Cat waited. She heard the bang of footfalls. He was on the floor with her now. His light explored every crevice, patiently clearing every hiding place as he hunted her. She heard his footsteps; she heard his breathing. He was on the other side of the forklift, no more than six feet away, and he stopped, as if his senses told him that she was near. She rubbed her fingers on the knife; her sweat made it slippery. She aimed her blade at his throat. His light spilled across the dusty floor in front of her. He took a step closer, until he was a dark shape beside the wheels of the machine.

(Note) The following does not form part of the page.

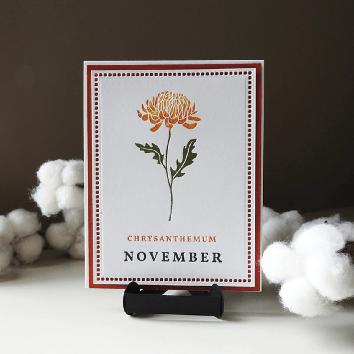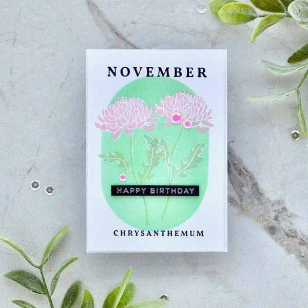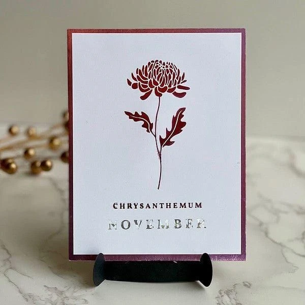 November Chrysanthemum Press Plates are part of the Florals Through the Year Collection. The November birth flower means friendship, honesty and loyalty. It’s believed that it will bring joy and good luck into your home. The set of three plates includes the floral focal point, the birth flower month, and flower name. This lovely flower is ideal for celebrating November birthdays, but is versatile enough to be used in a myriad of ways! Create a field of flowers with several of the plates from this collection, or make this flower a focal point with a sentiment of your choice.

She saw the light glinting on his hand. He held a gun. Cat’s breath shot into her chest, loud and scared. She sprang up, slashing with the knife, but as she lurched toward him her wrist collided with the cage and the blade dropped to the floor. Helpless, she charged, taking them both to the ground, landing on dirt and scrap wood. The gun fell, and the flashlight rolled. Cat jabbed with her fingers and found his eyes. She poked hard, and when he screamed she squirmed away, scooped up the flashlight and ran.

With the light bouncing in front of her, she sprinted down a narrow passage. He scrambled to follow, but she heard him lose his footing and fall. She widened the gap between them. The passage opened into a second cargo hold, and she saw another set of steps, which she climbed two at a time. Her mouth hung open, gulping air. At the top, she bolted back onto the ship’s deck.

She was out of time. She took off the way she’d come, beside the rope railing with the water far below her. The metal was wet, and she skidded, trying to stay on her feet. He was already closing on her again. She heard his running footsteps behind her, but she didn’t look back. She sprinted on the slippery steel like a clumsy dancer, until she reached the end of the boat and had nowhere else to run. She stood at the stern, with the massive anchor chain beside her and the wind and flurries stinging her face from the midnight sky. The steel floor thundered, reverberating with his heavy footfalls. He was almost here. He almost had her.